Вероника Александровна смиряла темп, никак не реагируя на хамские выходки. Надо все-таки отдать Бондыреву должное - он требовал растолковки как раз тех мест, которые для самой Воробьевой были не совсем ясны. Как только до Вероники Александровны доходил настоящий смысл мудрёного определения, удовлетворялся и Бондырев, и лекция, ни шатко ни валко, двигалась дальше. Молодая преподавательница, старательная, с черной вороньей головой, с красными губами, читала по тетради, изредка обводя глазами аудиторию; студенты в большинстве своем послушно строчили вслед за ней страшный, непонятный предмет, на котором всегда «валят», наркоман Губкин отдыхал после галлюцинаций, положив голову с длинными женскими волосами на стол; похожий на лешего Головачёв смотрел прямо, не мигая, и казалось, он видит сквозь стены. Мишка мученически пытался войти в суть лекции, и Вероника Александровна, вдруг встречаясь с ним глазами, иногда даже сочувствовала его малоразворотливому уму. Не то, чтобы Бондырев был глуп. Нет. Но он, похоже, не умел врать, притворяться, и оттого весь был на виду. Иногда Веронике Александровне казалось, что присутствие такого человека невольно обнажает и ее суть. Больше всего она боялась, когда в лекции попадались схемы, которые надо было воспроизводить на доске, в логике их создателей. Даже схемы Судакова она постичь не могла. Срисовывать на доску с конспекта ей было стыдно; и она давала схему фрагментами, которые была в состоянии запомнить.
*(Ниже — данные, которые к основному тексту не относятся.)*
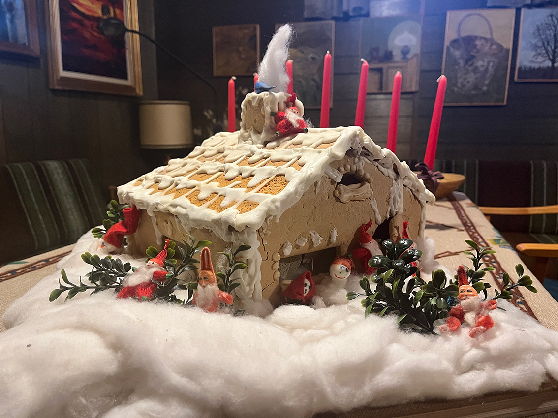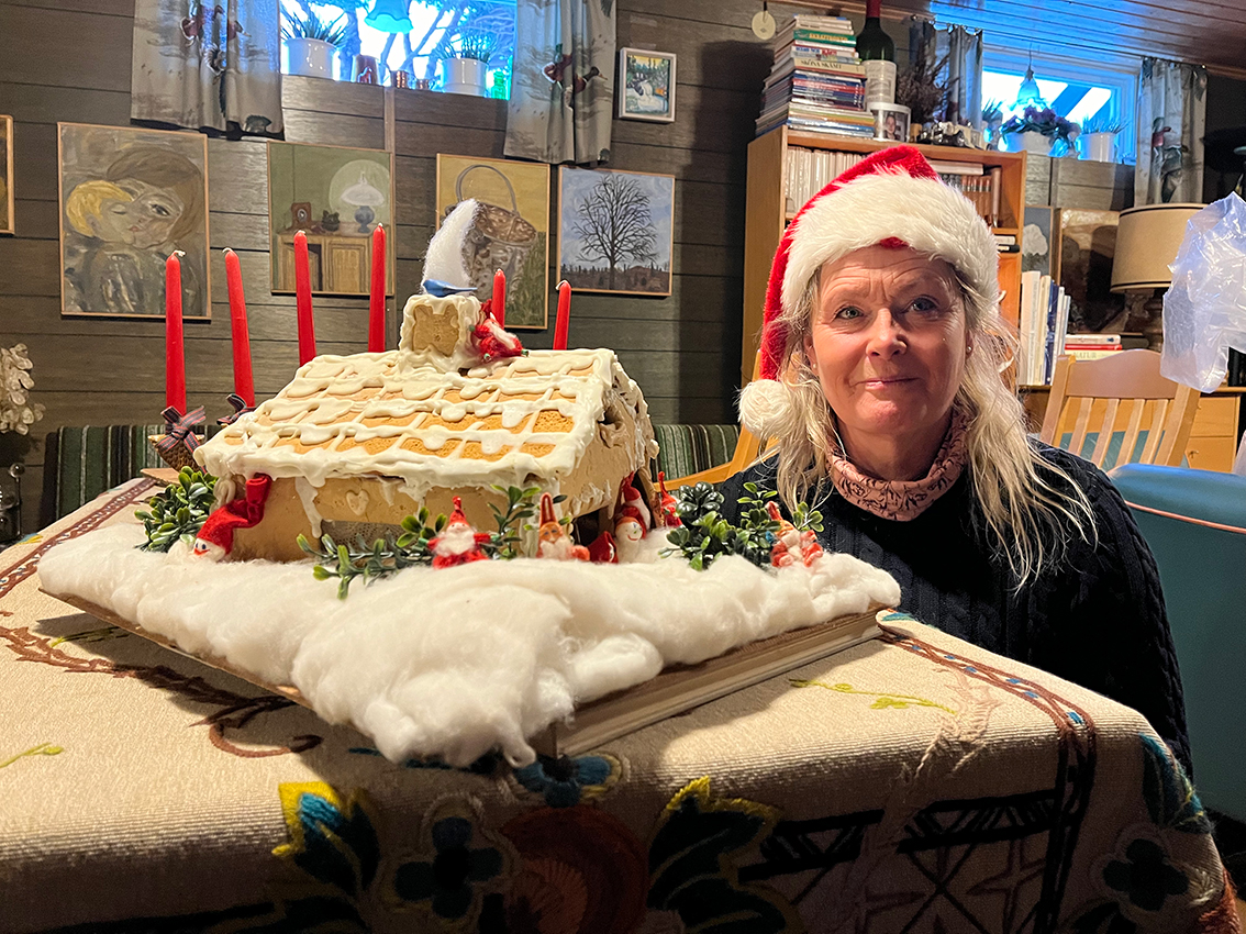 I huset på Östermo i Vaggeryd syns det verkligen tydligt att julen är här. Här finns tomtar och julprydnader i varenda hörn. – Det är traditioner, säger Christina Olofsson. Det är Christina som har bakat det 56 år gamla pepparkakshuset som är helt och bevarat men har bleknat något i färgen. Huset bakades när äldsta dottern Petra var bebis. I källaren står det gamla pepparkakshuset och jag kan inte låta bli att förundras över att det har hållit i så många år. Helt otroligt faktiskt.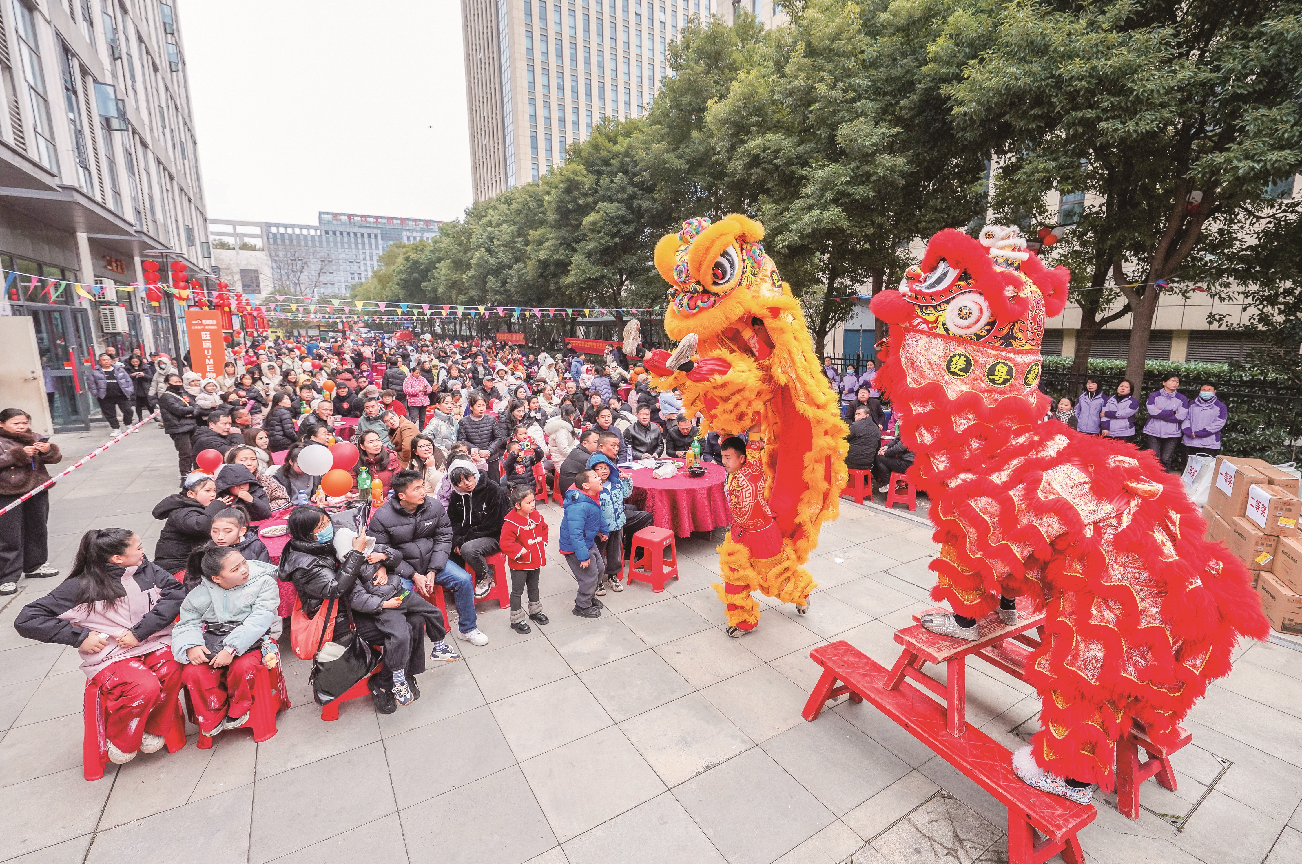2月3日,武汉经开区沌口街道永济社区举办百家宴,500多位居民共品百家菜。随着舞蹈、川剧变脸、魔术等节目登台上演,居民们纷纷拿起手机记录精彩瞬间。此次百家宴活动以“以食聚邻,以善暖家”为主题,通过文艺汇演、公益捐赠、便民市集和幸运抽奖等形式,不仅让邻里情在欢声笑语中升温,更让社区慈善的暖流悄然汇聚。楚天都市报极目新闻记者肖颢 姚岗摄影报道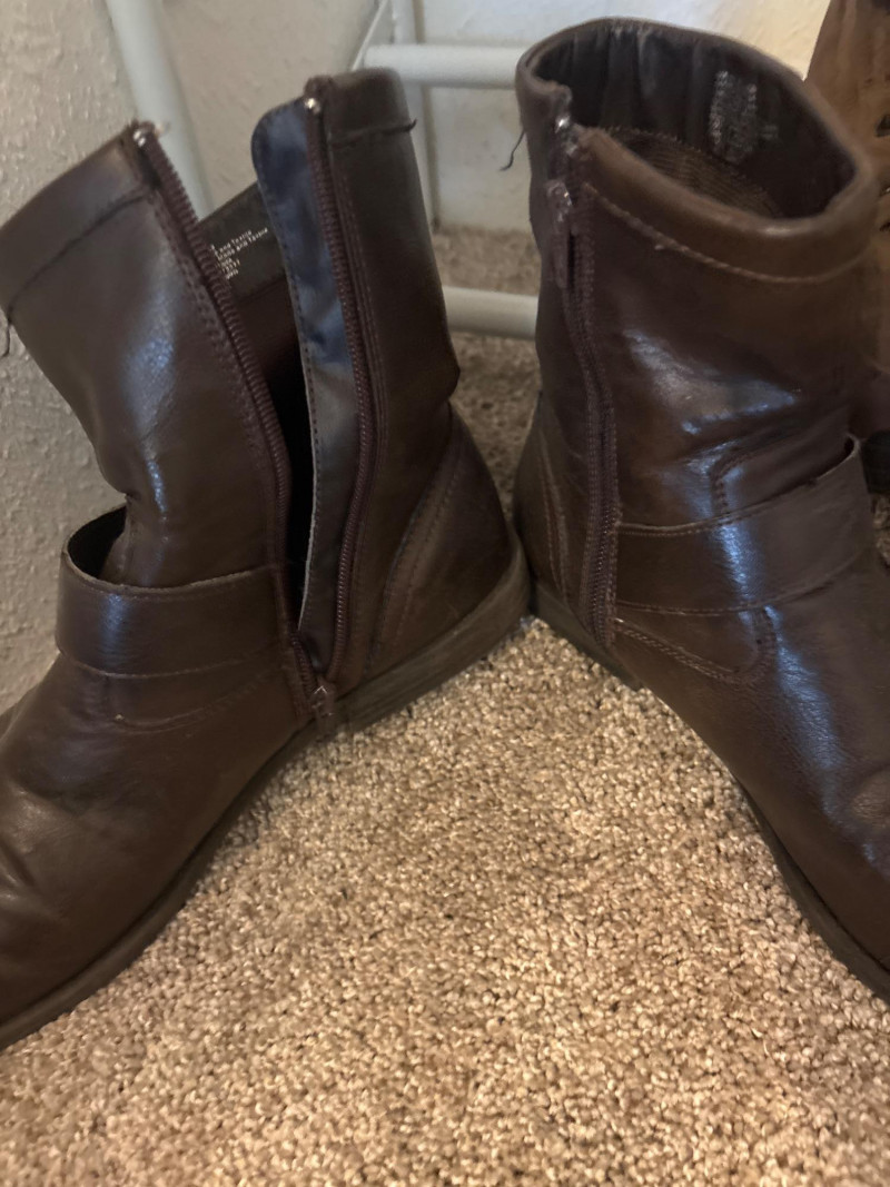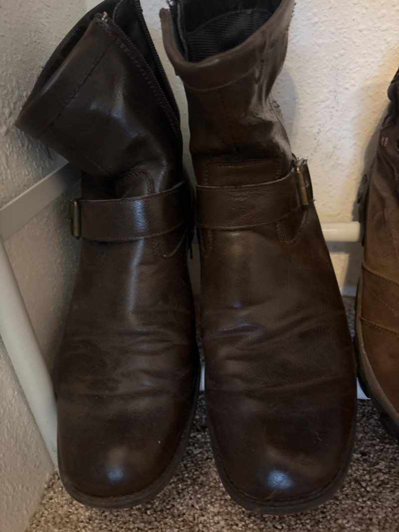 ✔️ Brown leather ankle boots (Men’s 8½ Medium) – classic design with side zipper and strap detail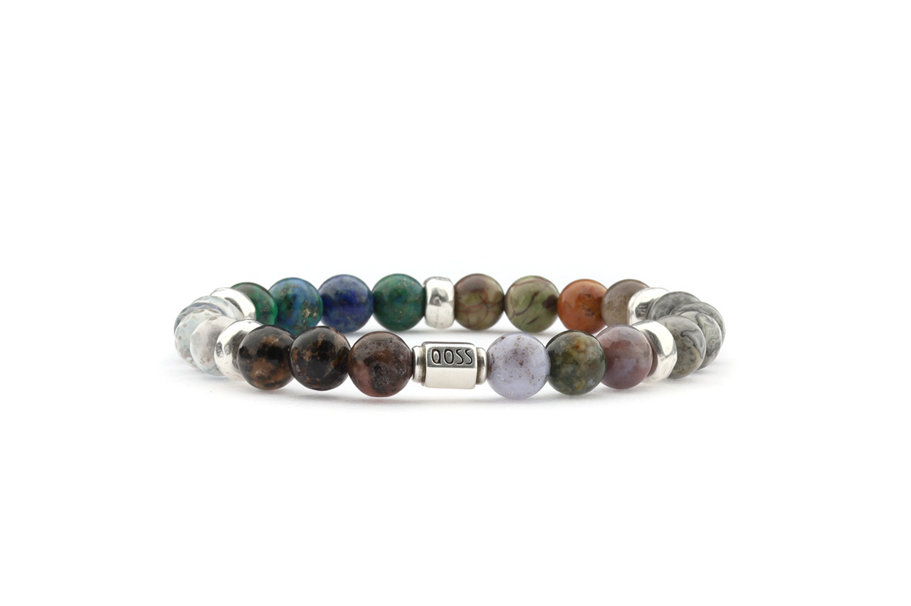 Een natuurstenen kralen armband geregen op elastiek, voorzien van een zilverkleurige tube kralen en diverse natuursteen kralen. Het zilver is gemaakt in hoogwaardig, nikkelvrij metaal. De kralen zijn ongeveer 8mm. De combinatie van kralen is willekeurig.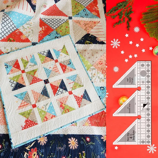 The 45° Double-Strip ruler is one of a range of Strip Rulers that are designed to make cutting Half-Square-Triangles, Quarter-Square-Triangles, 60° Triangles, Trapezoids and more from 2½" wide strips quickly and easily!

Пока студенты копировали, она возвращалась к кафедре, подглядывала продолжение в тетради, рисовала дальше. Часто доска не вмещала схему. Тогда она стирала начало, дорисовывала сверху окончание. Неизбежно появлялась путаница, студенты начинали роптать.

- Ничего страшного, - успокаивала аудиторию преподаватель Воробьева, в душе она радовалась, что столь опасный участок ее лекции миновал.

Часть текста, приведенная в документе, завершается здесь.